Rising claims pose challenge for health insurance sector in India: Jefferies



NEW DELHI: The health insurance sector may face challenges in the coming months due to rising claims and increased competition, particularly in the retail sector, highlighted a report by Jefferies.
“Health (approx. 35 per cent of mix) can see pressure in its retail segment from rising claims frequency and elevated competition” the report stated.
The report indicated that India’s non-life insurance sector is experiencing significant shifts, the health insurance segment may face challenges as healthcare costs continue to rise and more consumers claim their insurance, and insurers are grappling with increased payouts.This trend could squeeze margins and put pressure on insurers to find ways to manage costs while remaining competitive in the market.
However, for the motor insurance segment, the report draws a promising picture and added that it is entering a promising multi-year upcycle. This positive momentum is expected to benefit large private insurers of the motor segment, who are well-positioned to capitalize on these trends.

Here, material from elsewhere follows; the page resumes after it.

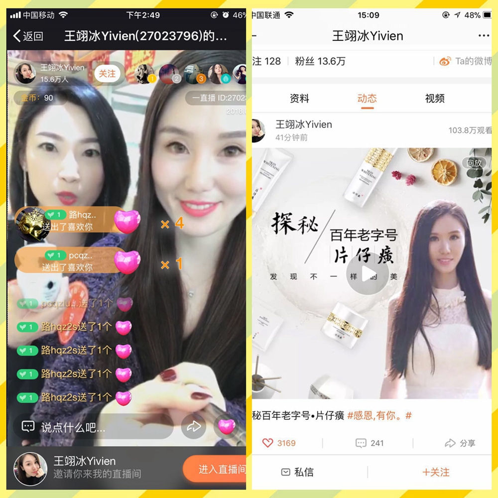 近两年来,片仔癀化妆品在网络上也备受消费者好评,不少知名美妆达人在使用产品后,对产品给予了高度评价,并推荐给粉丝使用。片仔癀化妆品也紧跟时代潮流,在本次全城联动活动现场首次试水网红直播。在国内最大时尚产业集团美空网的鼎立支持下,其特别派出了知名花椒网红“岛儿becky”和一直播网红“王翊冰Yivien”进行“探秘百年老字号•片仔癀”现场直播助阵。通过与公司产品研发总工程师陈丽娟女士、美导老师互动,走访厦门鼓浪屿片仔癀博物馆,为消费者解答护肤问题,推荐适合产品,介绍片仔癀500年品牌文化等,多维度提升品牌在消费者中的知名度与美誉度,进而为线下门店进行引流销售,解决当前线下渠道发展瓶颈。

“Initiate on Non-Life Insurers Large pvt. insurers are set to gain from multi-year upcycle in motor (approx. 35 per cent of premium mix) led by premiumization of underlying auto mix and moderating competitive intensity” the report mentioned.

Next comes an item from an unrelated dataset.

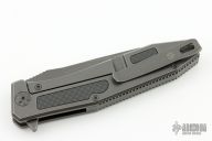 The scales are made of Grade 5 Titanium with Carbon Fiber inlays, a design signature of the Scorpion Elite Series. The large handle is 4.75" which offers plenty of room for even XL hands. We added two rows of jimping next to the titanium backspacer for a non-slip grip.

The report also added that the motor insurance segment in India is estimated to grow at a compound annual growth rate (CAGR) of 14 per cent over the financial years 2024 to 2027. The key driver behind this growth is the ongoing shift in the automobile market towards higher-value vehicles.
Over the past three years, the average selling price (ASP) of passenger vehicles (PVs) has increased by 41 per cent, reflecting a move towards premium segments. This trend is expected to continue, benefiting motor insurance renewals, which account for 60-70 per cent of the motor insurance premium mix.
“Motor segment amidst a multi-year upcycle (est. 14 pc CAGR over FY24-27E) as renewals (60-70 pc of premium mix) will continue to benefit from the underlying change in auto mix towards premium high-value segments (ASP of PV up +41pc in last 3 yrs)” the report added.
Despite these challenges, the report mentioned that the broader non-life insurance market in India remains significantly underpenetrated, with insurance premiums representing only about 1 per cent of the country’s GDP. This is relatively low compared to global peers, where non-life insurance to GDP ratios range between 2 per cent and 4 per cent.
However, the Indian non-life insurance market has shown steady growth, with gross premiums expanding at a CAGR of 12 per cent over the past five years, reaching Rs 2.8 trillion (approximately USD 35 billion). Notably, the private sector has outpaced the overall market.
“India remains an under-penetrated market with non-life insurance to GDP at approx. 1 pc (vs 2-4 pc for global peers). Gross premiums have expanded at 12 pc CAGR over the last 5 years to Rs2.8tn (approx. USD 35bn) with the private sector growing faster at 15 pc CAGR and improving its market share to 68 pc (from 57 pc)” said Jefferies in the report.
Despite these challenges, the overall insurance market in India remains underpenetrated, offering significant long-term growth potential for insurers who can navigate these dynamics effectively.